The one-on-one debate between Abe, left, and Okada was the second of this Diet session.

TOKYO -- Prime Minister Shinzo Abe on Wednesday stood firm on his assertion that new security legislation permitting broader defense powers does not violate Japan's pacifist constitution. But the head of the top opposition party warned that its ambiguous rules regarding the use of force could lead to future abuses.

     Sparring with Abe in parliament, Democratic Party of Japan leader Katsuya Okada challenged the prime minister to justify his cabinet's reinterpretation of Japan's pacifist constitution to allow the country to defend an ally under attack.

     "The era when a country could protect itself alone is over," Abe said. "We won't close our eyes to the international situation and abandon our responsibility to protect our people."

     He cited the 1959 "Sunakawa case," in which Japan's Supreme Court ruled that the country may take self-defense measures when its existence is at risk. "What is included in these necessary self-defense measures must be decided by looking at the international situation of the time," Abe argued.

     Okada pressed Abe to explain what might qualify as an "existential threat," the standard that must be met to justify the use of force to defend allies. He called the idea "abstract" and said it can be interpreted broadly. To illustrate the point, he brought up minesweeping in the Strait of Hormuz, which Abe has used as an example in which invoking the right to collective self-defense is justified, and asked whether there has been any changes in the security situation there.

     The prime minister did not offer specific examples of an existential threat, saying no foreign leaders disclose all the details of their policies. Okada blasted this vague response, contending that the new laws would give carte blanche to future cabinets to make arbitrary decisions on the use of force. He sees little grounds to reverse a prior government opinion issued in 1972 that concluded exercising the right to collective self-defense was unconstitutional.

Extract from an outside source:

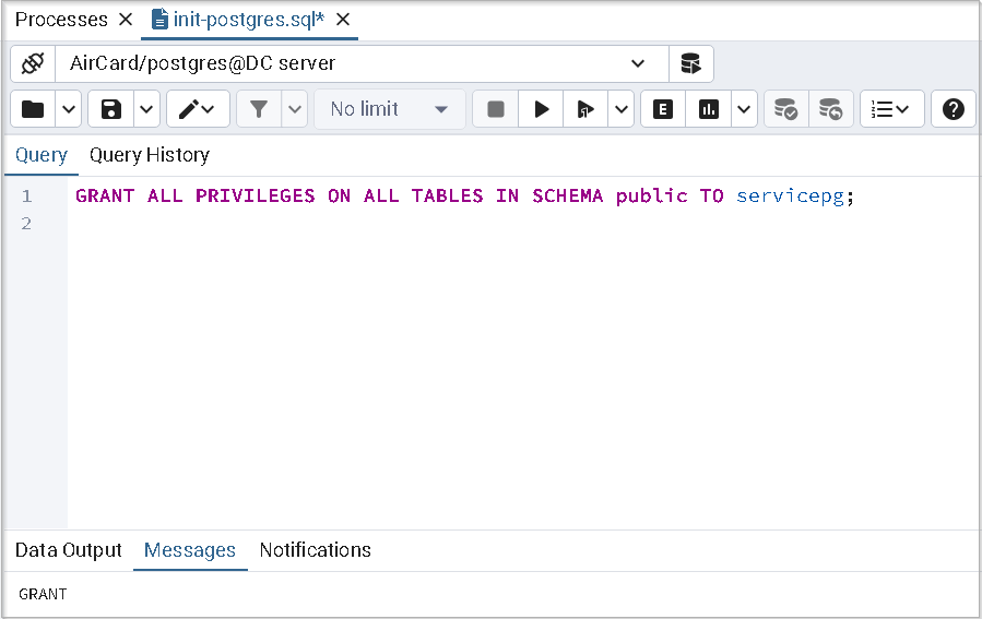 GRANT ALL PRIVILEGES ON ALL TABLES IN SCHEMA public TO <имя сервисной учётной записи>;В меню запросника нажмите Выполнить (Execute/Refresh).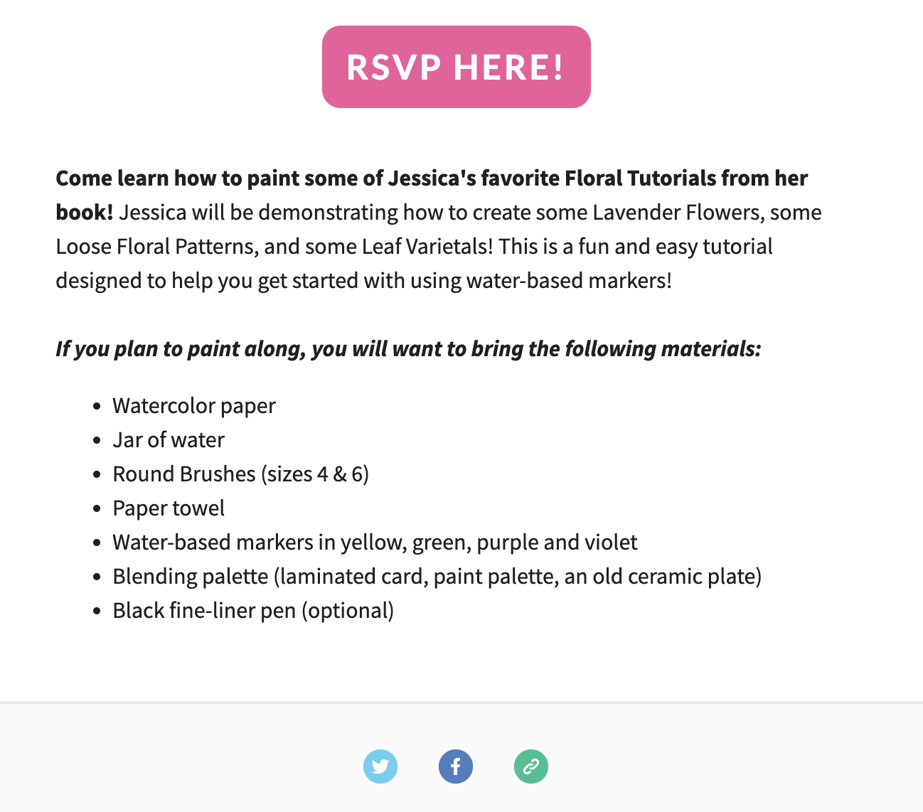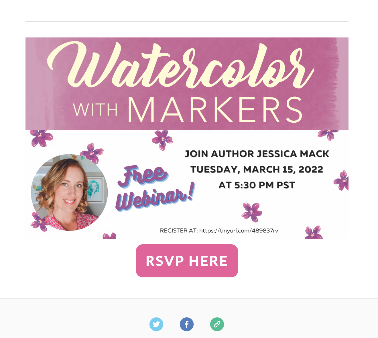 WHAT: For this campaign I introduced the new book, Watercolor with Markers, in both print and eBook format. I included a number of different ways for audience to engage with and get to know the book and its contents, including providing banners and links to the author’s upcoming book webinars, showcasing free tutorials to get started on painting, and detailing descriptive book copy. The campaign’s CTA asked audience to purchase the book, sign up for either or both of the author’s webinars, and download free content from the book.

     Abe attacked the DPJ as weak, pointing out it had offered no alternative proposals. "I can't help but conclude you have no sense of responsibility about the country's safety," he said.

     The DPJ sees Abe's push to expand defense powers as unacceptable, but Okada has not completely ruled out the possibility of Japan invoking the right to collective self-defense in the future, a stance aimed at appeasing the party's conservative wing. He contended during the debate that expanding existing laws would be enough to handle any emergencies close to Japan. Allowing collective self-defense, as the legislative package would, is "unnecessary," he said.